My Mother’s Geraniums

On Aurora’s Eastside, near Copley Hospital, in a neighborhood which no longer exists, once stood the house in which I grew up. On either side of the steps of our abbreviated front porch, my mother had two large decorative concrete urns in which she planted geraniums. Bright red geraniums, with a spike plant in the center for accent, and a bit of ivy trailing down from the edges.

I always loved those geraniums, and a few years ago I started the tradition of planting geraniums of my own. While I don’t have decorative urns, but rather a clay-colored plastic pot from Menard’s, I duplicate, as well as I can, my mother’s geraniums.

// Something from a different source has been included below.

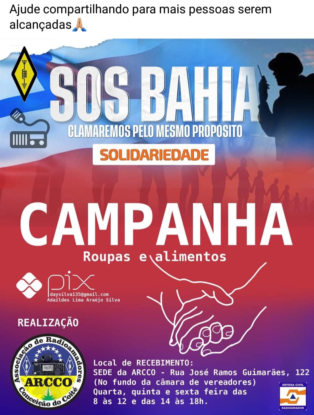 A Associação dos Radioamadores de Conceição do Coité (ARCCO) iniciou nesta quarta-feira, 29, uma campanha de arrecadação de alimentos, água mineral, roupas, calçados, material de limpeza, qualquer valor em dinheiro através do Pix, e outros itens que possam aliviar o sofrimento de milhares de desabrigados pela enchentes no Sul e extremo Sul do Estado da Bahia.

Being distracted this year by the ability to plant flowers in actual dirt, those in pots got a bit of a late start, but once begun seem to be doing well. Picking out this year’s plants at the flower factory, I was careless and among my bright red geraniums, I had inadvertently selected a white one as well. I thought about changing it out, but decided to leave it as it was. A decision I’m happy with.

Of my flowers, potted or free-range, I think the geraniums are my favorite for several reasons. One, they are just pretty to look at. Two, when I’m outside I can rub my finger along the stems, and smell that geranium smell. (I do this with the tomatoes, too).

Three, it turns out that the single white blossom adds a whimsy to the array, which I enjoy. And lastly, and perhaps most importantly, when I’m sitting at my computer, and look out through the patio door at my geraniums, they always remind me of my mother.